This year, the stock market is turning out to be a pendulum. A big swing down in the first half of the year is being followed by a big swing up to start the second half of the year. In markets, that’s usually how it works; volatility goes in both directions. But just like no pendulum can swing forever, the stock market is unlikely to keep up its frenetic pace. The recent stock market rally is a welcome sign, but we would temper against expectations for further, uninterrupted gains.
Where we are now
Last month, we noted that the stock market appeared to have a short-term bottom in place. We argued that key stocks in the S&P 500, like Apple, were giving reasons for optimism. Fast forward to today, and the S&P 500 has rallied more than 15% from its June low. Apple is up more than 30% over the same time. Importantly, the rally has been broad, at least in US indexes. Small cap and mid cap stocks, as measured by the ETFs, IJR & IJH, are each up 19% from their June lows. Non-US stocks aren’t performing as well, Vanguards all-world ETF, VEU, which excludes US stocks, is only up 8% from her lowest levels.
We look at this information and view the worst as over. We don’t expect the market to fall back to its lows from earlier in the year. With that said, if the year ended today the S&P 500 would still register its worst yearly return since 2008 with a loss of 10%. This can still end up being a “bad year” for stocks. Can it turn into a good year? Well, it will take an 11% rally in the S&P 500 to get back to its 2022 breakeven level. That would represent a 30% bounce from its June low. With four and a half months left in the year, that’s a lot to ask for. We expect the index to finish the year in negative territory.
How much bounce is left?
In our July newsletter, we recommended reading Charlie Bilello’s piece, The Upside of Downside. In it, he shared the following data showing how the market has typically bounced back strongly following some of the worst six month periods (which January-June 2022 qualified for):
Note that the average 3-month and 6-month returns following these rough patches has been 6%, and 15%. With the market up 14.50% since July 1st, it’s already close to the 6-month average return in just six weeks. Of course, there are returns in some years that well exceeded the average 15% threshold over 3 and 6 months (mainly in 2008-2009 or 1974).
For those wishing to be more optimistic about a further advance in the near-term, Steve Deppe, of Nerad & Deppe Wealth Management, has the data sets that will get you excited. He found that when the S&P 500 has risen 10% or more over a four week winning streak, a feat it just accomplished, the index has gone to average a 5% return over the next three months. Furthermore, Mr. Deppe published a study showing that when the index had negative six month returns, but posts a 10% advance or more in just 2 months, forward 6-month and 12-month returns are well above average.

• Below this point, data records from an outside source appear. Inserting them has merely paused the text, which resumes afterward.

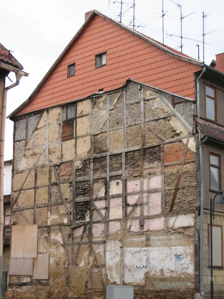 Bildnachweis: „Naked timber framing in Mühlhausen Thüringen.jpg“ von Scott Moore, lizenziert unter CC BY 2.0.
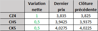 - Prix calculé en fonction du rapport 201 du CME hier :
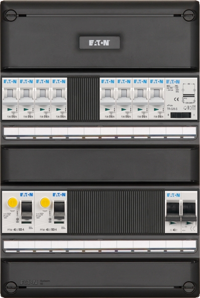 Eaton groepenkast 1-fase compleet voorbedraad en aansluitklaar. Voorzien van buisinvoerstuk met aardrail. Wordt geleverd zonder inzetstuk onderzijde.

Our best guess is that the market spends the next couple of months in a trading range, between 4,000-4,400 on the S&P 500, before having a better shot at rallying again after the midterms.
Markets vs the economy
We always remind readers that the market is not representing the economy today, it’s representing the economy of tomorrow. The sell-off in the first half of the year was the market displaying fear that inflation, together with the Fed’s interest rate hikes, was going to tip the economy into a recession. Moreover, the market was unsure just how high the Fed would have to raise rates, which made it hard for the market to settle on where everything should be priced (interest rates drive many popular market valuation models).
So in an attempt to explain the rally, here’s a few things that happened recently that have worked in the market’s favor:
- The June & July job reports came in robust, lessening fears over imminent economic doom
- The Fed communicated to the market that the end of their rate hiking cycle was in sight (market became more certain in where the high was for interest rates)
- Inflation, as measured by CPI, finally stalled out on a month over month basis, raising optimism that we are past peak inflation
What these factors mean more than anything is the market’s view shifted quickly. The market has greater confidence that the jobs market stays steady. The market has also gained confidence in the Fed’s ability to pull off a “soft landing” where the Fed’s interest rate hikes do not cause a meaningful economic downturn. And lastly and most importantly, the market has fully embraced the “peak inflation” narrative.
What’s important to point out is just how fast the market moved to reflect these changing dynamics. Recall back to early June, the S&P 500 index was down about 13% on the year, painful but tolerable. Then in a span of seven days, the S&P 500 fell another 13% and was down 23% at its low. That seven day crash in June was a reflection of the worst of the three points above. The market started to believe the jobs market was about to fall off a cliff, it lost confidence in the Fed, and June inflation data came in hotter than expected, spooking markets even more.
But now? All fixed. It’s not that these worries aren’t still out there, it’s that the market is saying she’s no longer concerned about them. That could change of course, and if it does, it will likely be in the lightening fast manner that all investors should be used to by now. However, after big moves down and now a big move up, we expect markets to settle down and trade with less volatility on a day-to-day basis over the near term.